19 décembre 2011, par pehache  

Joël Braud, vous avez perdu d’avance ! Vous faites appel à la raison, à une analyse rationnelle et "froide", avec un long texte argumenté, face à quelqu’un qui joue sur l’émotion et qui en deux coups de cuiller à pot a résolu le problème de la criminalité.

Face au portrait d’une adolescente sauvagement assassinée, vous ne pouvez que passer pour le salaud insensible de service.

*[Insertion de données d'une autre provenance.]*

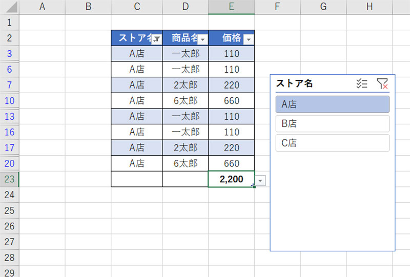 エクセルデータ一覧より、ストア名ごとに売上抽出する場合

> Eh bien non Monsieur Brasseur !
19 décembre 2011, par MM  

C’est bien votre article, M. Braud,qui est totalement extrêmiste et même totalitaire dans la mesure où vous n’êtes pas capable d’accepter une idée contraire à la votre. Quoi que l’on pense de la peine de mort, on peut admettre au moins l’idée que ce sujet puisse être débattu. A cet égard, dire que c’est hors débat parce que la loi ne l’admet plus est un non sens. Une loi peut être abrogée et c’est bien ce que l’on a fait pour celle qui reconnaissait la peine de mort. Votre verbe haineux, condescendant et bien pensant donnerait presque l’envie de soutenir le retour de la peine de mort pour le seul plaisir de vous contredire. Apprenez donc à respecter les opinions des autres.

  • > Eh bien non Monsieur Brasseur !
    19 décembre 2011, par Maximo  

    MM :

    A@P montre au contraire qu’elle respecte (trop ?) les opinions des autres en publiant l’autre article ET sa réponse (celui-ci).

    Cependant, vous avez raison sur un point, MM : il ne faut jamais dire que ce débat n’est plus possible parce que, en effet, ce qu’a fait une loi, même constitutionnelle, une autre loi peut le défaire mais surtout car ce serait baisser la garde face à la bête immonde et risquer de se faire surprendre sans avoir aiguisé ses armes. Et c’est autrement plus grave !!